Nothing outside the range is to be copied. From the entries below, reproduce exactly the lines starting at the one with "외도초 6학년 어린이들이" and ending at the one with "Test gemacht. |", without pictures.

ENTRIES PROVIDED =>
- Opening Delimiter -

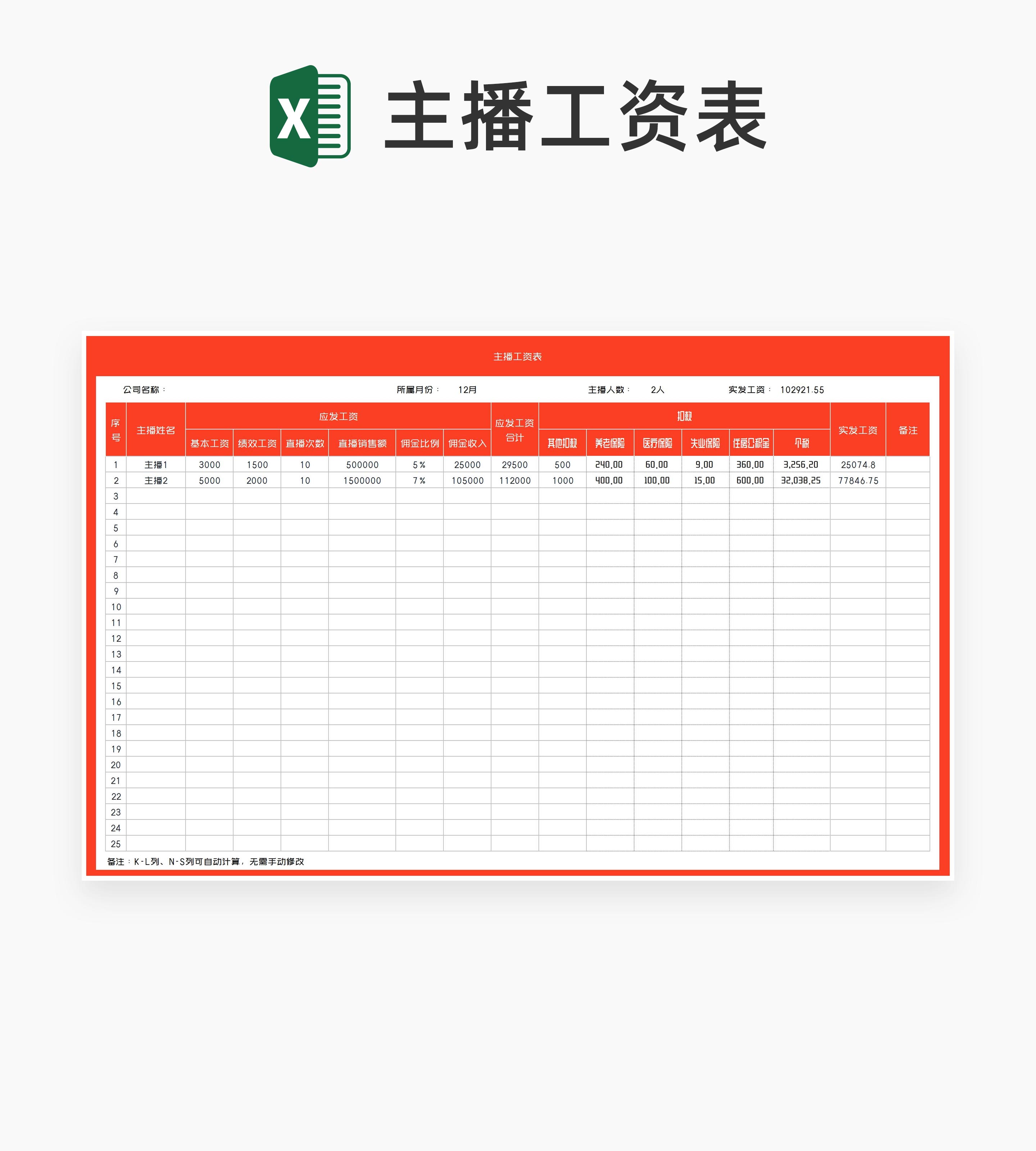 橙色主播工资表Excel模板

- Closing Delimiter -
- Opening Delimiter -

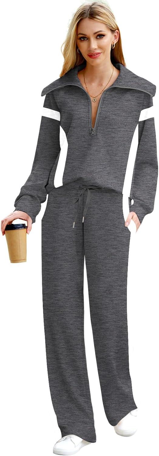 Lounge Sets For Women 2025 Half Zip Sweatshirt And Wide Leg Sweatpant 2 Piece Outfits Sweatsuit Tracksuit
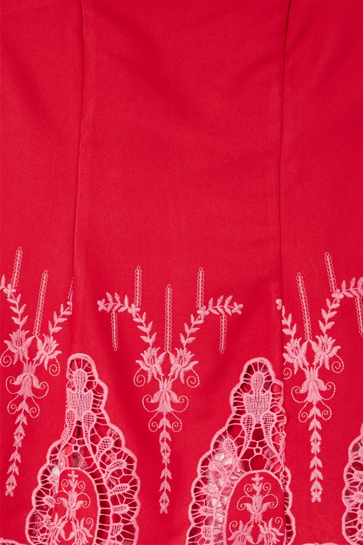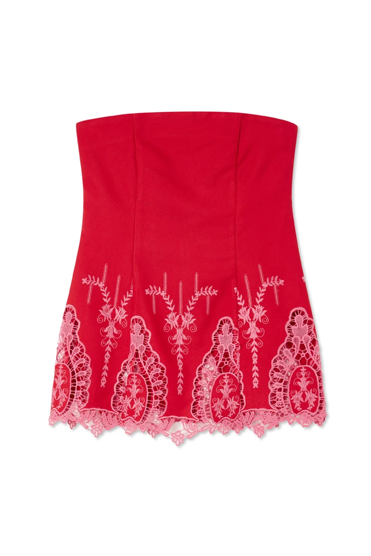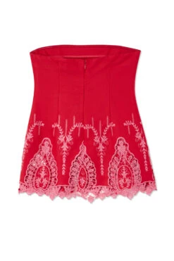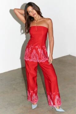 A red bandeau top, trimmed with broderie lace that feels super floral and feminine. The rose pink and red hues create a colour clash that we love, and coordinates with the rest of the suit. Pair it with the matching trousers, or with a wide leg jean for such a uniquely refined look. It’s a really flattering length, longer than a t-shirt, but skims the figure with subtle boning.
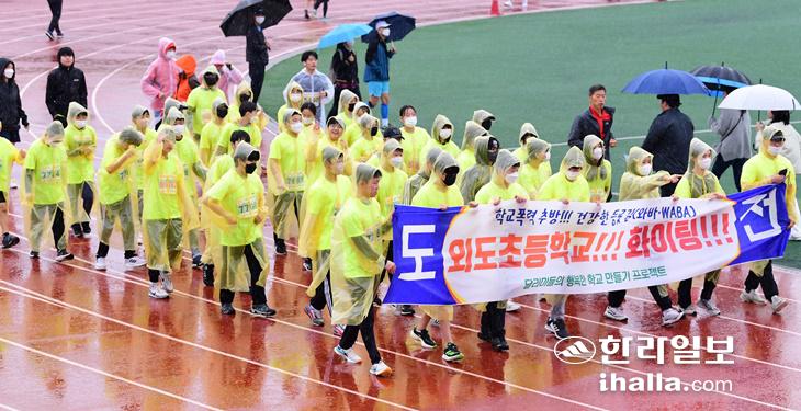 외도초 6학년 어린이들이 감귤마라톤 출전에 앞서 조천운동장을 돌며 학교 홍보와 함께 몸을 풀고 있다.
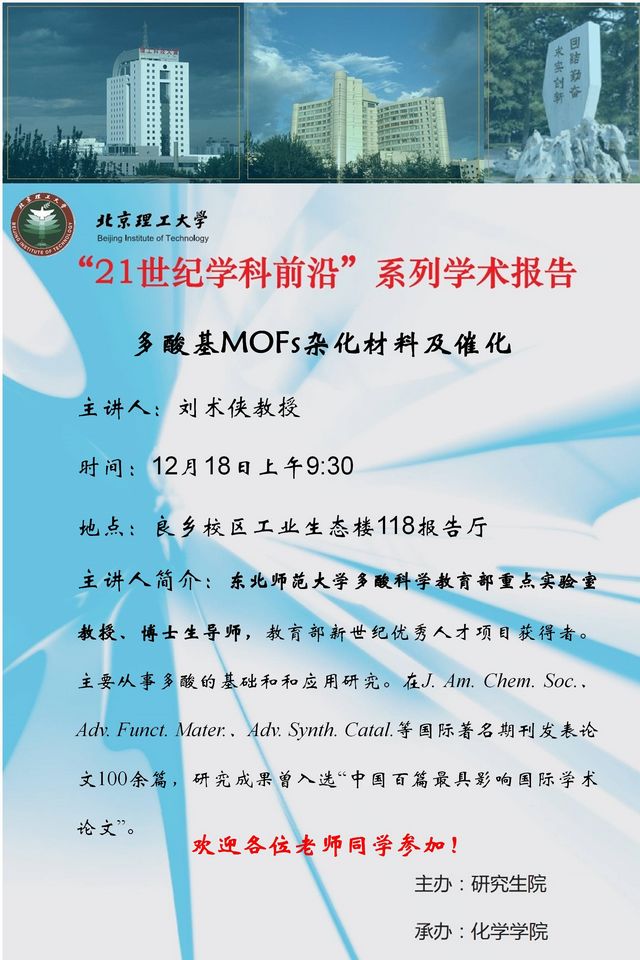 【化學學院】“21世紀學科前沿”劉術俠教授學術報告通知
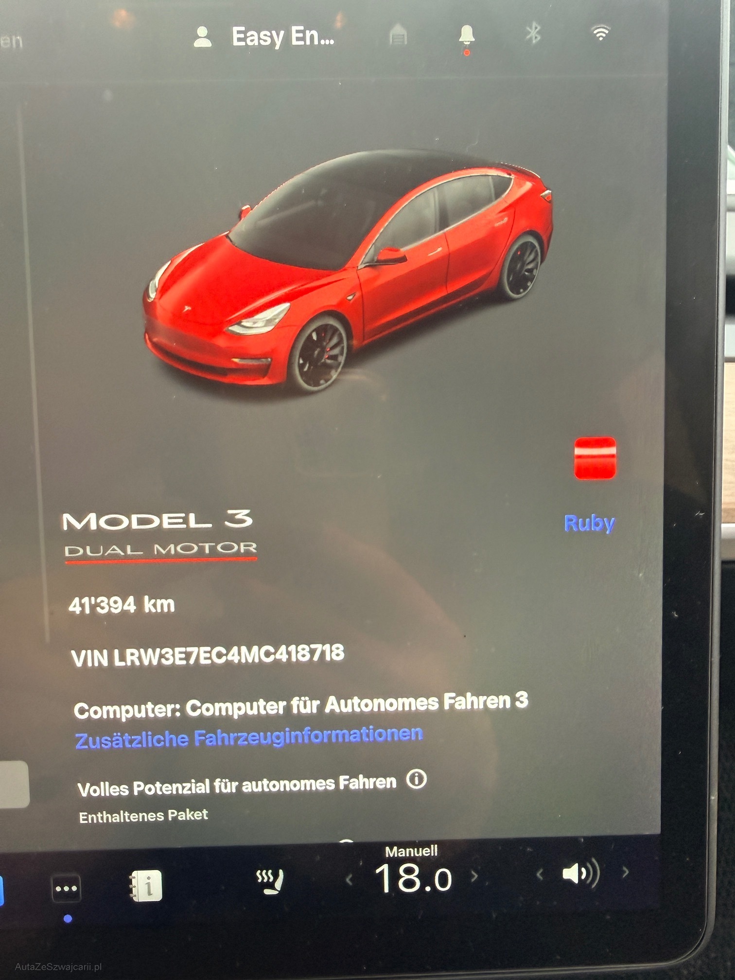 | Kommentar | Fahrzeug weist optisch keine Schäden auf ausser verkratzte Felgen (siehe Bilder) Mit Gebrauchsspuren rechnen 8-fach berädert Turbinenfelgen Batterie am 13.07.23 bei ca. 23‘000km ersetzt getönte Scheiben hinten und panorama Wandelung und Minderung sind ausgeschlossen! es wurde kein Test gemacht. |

- Closing Delimiter -

YOUR RESPONSE =>
 외도초 6학년 어린이들이 감귤마라톤 출전에 앞서 조천운동장을 돌며 학교 홍보와 함께 몸을 풀고 있다.
 【化學學院】“21世紀學科前沿”劉術俠教授學術報告通知
 | Kommentar | Fahrzeug weist optisch keine Schäden auf ausser verkratzte Felgen (siehe Bilder) Mit Gebrauchsspuren rechnen 8-fach berädert Turbinenfelgen Batterie am 13.07.23 bei ca. 23‘000km ersetzt getönte Scheiben hinten und panorama Wandelung und Minderung sind ausgeschlossen! es wurde kein Test gemacht. |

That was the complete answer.